The Court next addressed whether the petitioners could allocate a portion of the purchase price for the assets among the contractual claims of the two major carries and then allow each payment made to the carriers as a deductible business expense. The Court employed the well-known Danielson Rule (and "strong proof exception") and therefore the seller was required by the terms of the APA to capitalize the expenses attributable to the cure costs. Judge Copeland cited the Tax Court's precedent in Major v. Commissioner, 78 T.C. 238 (1989)("where one alleges that an allocation is actually other than that contained in a contract, that party must prove it beyond a mere preponderance of the evidence--he must present 'strong proof' that that allocation [the proposed] is correct based on the intent of the parties and the economic realities"). The taxpayers argued that since the APA did not specifically allocate the purchase price among the various elements of Infotelecom's consideration, the petitioners were permitted to make such allocation in light of the contractual ambiguity notwithstanding the Danielson Rule. However, the Tax Court made a fact-finding that there was no ambiguity present in this case. It further held that the “strong proof” exceptions were not present. Instead, the opposite was true as the opinion noted that the APA was “thoroughly vetted by the bankruptcy court and other creditors”.

In the alternative, even if the Court were to find that a certain level of ambiguity was present in the purchase price allocation in the APA, it still would that the full amount of the APA payments had to be capitalized because paying the seller's cure costs were a material part of the overall asset purchase transactions. Here the buyer's payments to satisfy the seller's cure cost obligation to Verizon and AT&T were directly related to their acquisition of Infotelecom's assets requiring capitalization. Where a payment falls under both a deduction provision and a capitalization provision, then capitalization is required citing the Supreme Court's decision in Commissioner v. Idaho Power Co., 418 US 1 (1974) (construction related costs, including equipment depreciation) and its prior decision in Lychuk v. Commissioner, 116 T.C. 374 (2001). Moreover, the payment of an obligation of a preceding owner of property by the person acquiring such property is part of the buyer's cost basis and must be capitalized.

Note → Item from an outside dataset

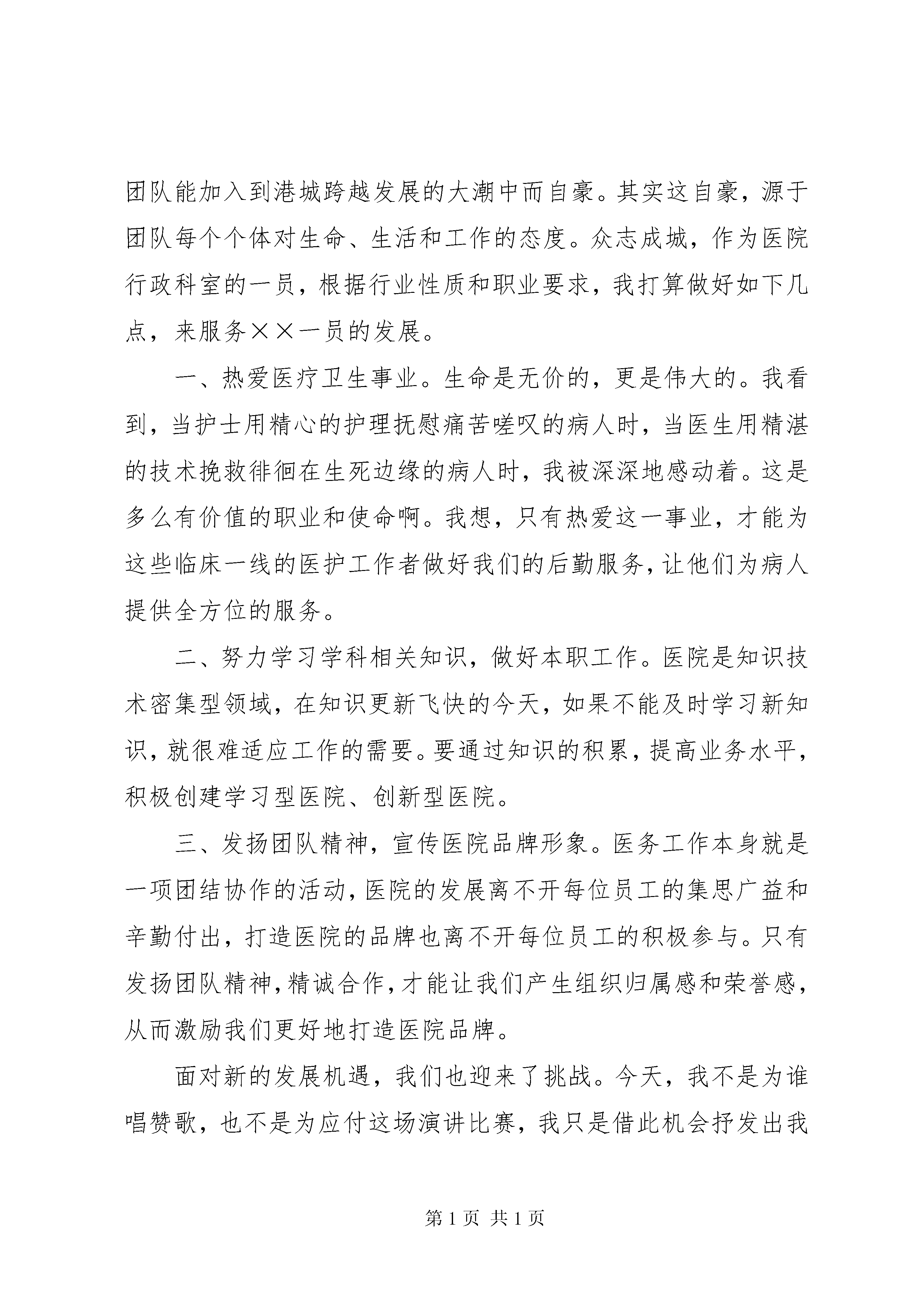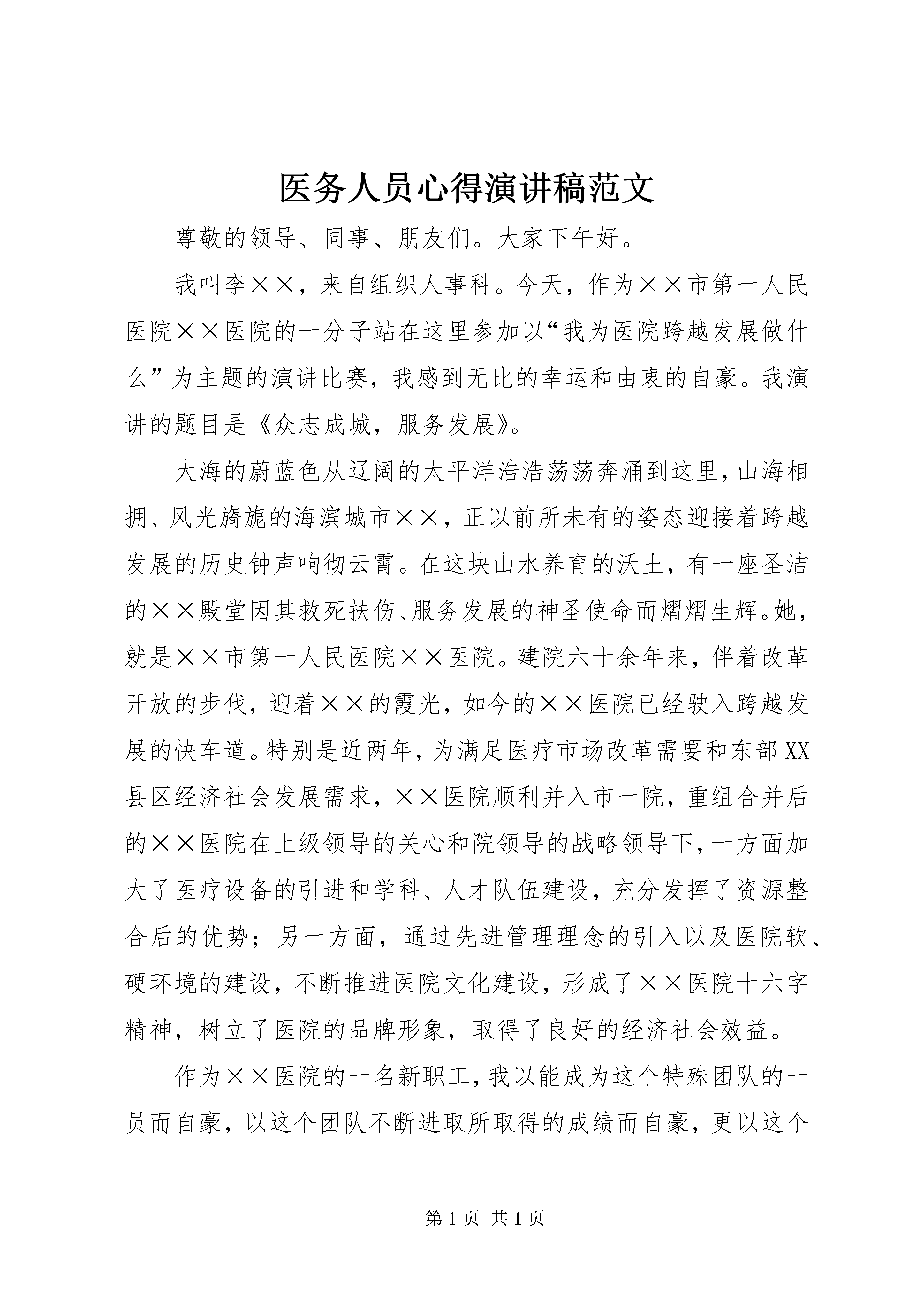 医务人员心得演讲稿范文尊敬的领导、同事、朋友们。大家下午好。我叫李××,来自组织人事科。今天,作为××市第一人民医院××医院的一分子站在这里参加以“我为医院跨越发展做什么”为主题的演讲比赛,我感到无比的幸运和由衷的自豪。我演讲的题目是《众志成城,服务发展》。大海的蔚蓝色从辽阔的太平洋浩浩荡荡奔涌到这里,山海相拥、风光旖旎的海滨城市××,正以前所未有的姿态迎接着跨越发展的历史钟声响彻云霄。在这块山水养育的沃土,有一座圣洁的××殿堂因其救死扶伤、服务发展的神圣使命而熠熠生辉。她,就是××市第一人民医院××医院。建院六十余年来,伴着改革开放的步伐,迎着××的霞光,如今的××医院已经驶入跨越发展的快车道。特别是近两年,为满足医疗市场改革需要和东部XX县区经济社会发展需求,××医院顺利并入市一院,重组合并后的××医院在上级领导的关心和院领导的战略领导下,一方面加大了医疗设备的引进和学科、人才队伍建设,充分发挥了资源整合后的优势;另一方面,通过先进管理理念的引入以及医院软、硬环境的建设,不断推进医院文化建设,形成了××医院十六字精神,树立了医院的品牌形象,取得了良好的经济社会效益。作为××医院的一名新职工,我以能成为这个特殊团队的一员而自豪,以这个团队不断进取所取得的成绩而自豪,更以这个团队能加入到港城跨越发展的大潮中而自豪。其实这自豪,源于团队每个个体对生命、生活和工作的态度。众志成城,作为医院行政科室的一员,根据行业性质和职业要求,我打算做好如下几点,来服务××一员的发展。一、热爱医疗卫生事业。生命是无价的,更是伟大的。我看到,当护士用精心的护理抚慰痛苦嗟叹的病人时,当医生用精湛的技术挽救徘徊在生死边缘的病人时,我被深深地感动着。这是多么有价值的职业和使命啊。我想,只有热爱这一事业,才能为这些临床一线的医护工作者做好我们的后勤服务,让他们为病人提供全方位的服务。二、努力学习学科相关知识,做好本职工作。医院是知识技术密集型领域,在知识更新飞快的今天,如果不能及时学习新知识,就很难适应工作的需要。要通过知识的积累,提高业务水平,积极创建学习型医院、创新型医院。三、发扬团队精神,宣传医院品牌形象。医务工作本身就是一项团结协作的活动,医院的发展离不开每位员工的集思广益和辛勤付出,打造医院的品牌也离不开每位员工的积极参与。只有发扬团队精神,精诚合作,才能让我们产生组织归属感和荣誉感,从而激励我们更好地打造医院品牌。面对新的发展机遇,我们也迎来了挑战。今天,我不是为谁唱赞歌,也不是为应付这场演讲比赛,我只是借此机会抒发出我内心的感受,让大家相信:在我市卫生方针的指导下,在院领导的正确领导下,在全院职工的精诚协作下,让我们发扬“服务至上,质量为本,艰苦创业,追求卓越”的××医院精神,坚持“以人为本”的服务宗旨,××医院的跨越发展一定能踏出前进的步伐,走向时代的最前沿,谋求一方人民的吉祥。谢谢大家。

As part of Judge Copeland's decision, she noted certain facts on the record on which its holding was based, including the negotiations by the parties in settlement of the cure costs to the major carries, there were amounts allocated under the APA to the cure payments, and observed that the argument made by the petitioners that the cure costs would have been deductible by the selling company had it remained in business was not determinative. Therefore the $3.16M in cure cost payments and debt assumption were required to be capitalized and were not deductible.

THIS POST IS FOR EDUCATIONAL AND INFORMATIONAL PURPOSES ONLY AND MAY NOT BE RELIED UPON BY THE READER AS LEGAL OR TAX ADVICE. READERS ARE ENCOURAGED TO CONSULT WITH THEIR TAX ADVISORS ON THE MATTERS RAISED IN THIS POST.